In certain embodiment of the invention, “UV-absorbing compound” may be an “organic” UV-absorber. Examples of such compounds, sometimes referred to as “monomeric, organic UV-absorbers” include, but are not limited to, methoxycinnamate derivatives such as octyl methoxycinnamate and isoamyl methoxycinnamate; camphor derivatives such as 4-methyl benzylidene camphor, camphor benzalkonium methosulfate, and terephthalylidene dicamphor sulfonic acid; salicylate derivatives such as octyl salicylate, trolamine salicylate, and homosalate; sulfonic acid derivatives such as phenylbenzimidazole sulfonic acid; benzone derivatives such as dioxybenzone, sulisobenzone, and oxybenzone; benzoic acid derivatives such as aminobenzoic acid and octyldimethyl para-amino benzoic acid; octocrylene and other β,β-diphenylacrylates; dioctyl butamido triazone; octyl triazone; butyl methoxydibenzoyl methane; drometrizole trisiloxane; menthyl anthranilate; and bis-ethylhexyloxyphenol methoxyphenyl triazine.
In yet another embodiment of the invention, UV-absorbing compounds may include UV-absorbing particles typically used at least in part to scatter ultraviolet radiation. Examples include inorganic oxides, including titanium dioxide, zinc oxide, iron oxides, silicone oxides, or other metal (e.g., transition metal, such as crystalline transition metal) oxides. Such ultraviolet screening particles are typically solid particles having a diameter from about 0.1 micron to about 10 microns.
It is further desirable that the UV-absorbing compound have an absorbance in the UV spectrum that is sufficiently high so as to make it suitable for use as a sunscreen for the human body. In one embodiment, the compound, when dissolved in a suitable solvent (e.g., DMSO, ethyl acetate, tetrahydrofuran, or the like) and spread or cast into a thin film, has a molar extinction coefficient measured for at least one wavelength within the UV spectrum, such as in the UV-A spectrum, of at least about 1000 mol−1 cm−1, such as at least about 2000 mol−1 cm−1, such as at least about 4000 mol−1 cm−1, or even 10,000 or 100,000 or 1,000,000 mol−1 cm−1.
A suitable in-vivo test method is the “Colipa Method,” known to those skilled in the art. In this method, the minimum dose of solar-simulated ultraviolet radiation (UVR) required to induce a minimally perceptible erythema on human skin is determined for untreated skin and for the skin treated with the composition (erythema readings taken 24 hours after irradiation). The ratio of the dose of UV radiation needed to induce minimally perceptible erythema for the composition-protected skin (MEDp), divided by the dose required for a minimally perceptible erythema for unprotected skin (MEDu) results in the SPF value of the composition.
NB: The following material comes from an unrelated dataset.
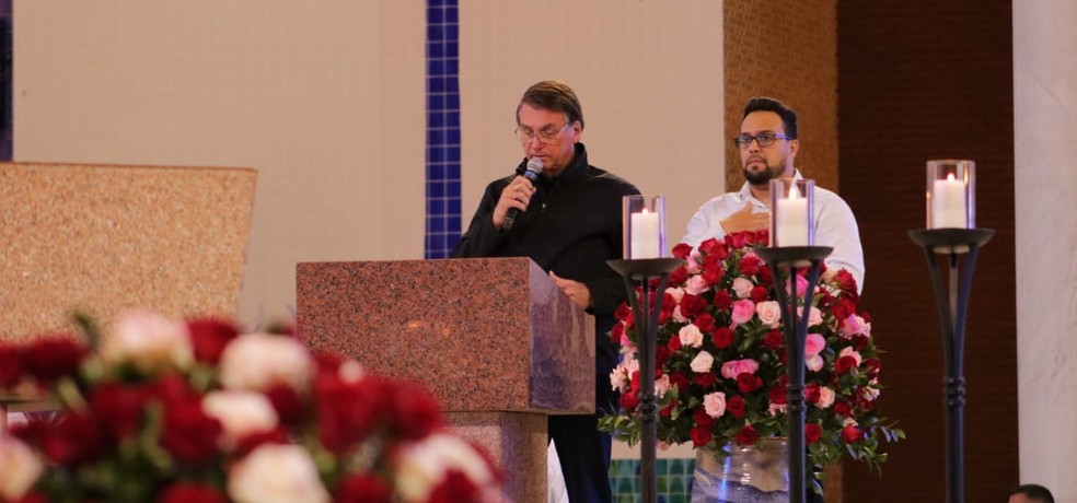 Depois do encerramento da missa, o presidente subiu no altar e tirou uma foto com o arcebispo Dom Orlando Brandes usando máscara. Na sequência, retirou o item de proteção e posou para uma nova foto com o ministro da Cidadania, João Roma, o padre Américo Dalbelo e o ministro da Ciência e Tecnologia, Marcos Pontes.

An irradiation apparatus used for SPF determinations is, for example, a Multiport Solar Simulator Model 601 (Solar Light Co., Philadelphia, Pa., USA) which consists of a 300 W Xenon lamp filtered with a UG11 1 mm thick filter and a WG320 1 mm filter (Schott Co., Philadelphia, Pa., USA) to allow exposure to UV between 240 and 800 nanometers.
The effervescent compositions of the present invention may be used for a variety of cosmetic uses, especially for protection of the skin from UV radiation. The composition may be employed for various end-uses, such as recreation or daily-use sunscreens, moisturizers, cosmetics/make-up, cleansers/toners, anti-aging products, or combinations thereof. The compositions of the present invention may be prepared using methodology that is well known by an artisan of ordinary skill in the field of cosmetics formulation.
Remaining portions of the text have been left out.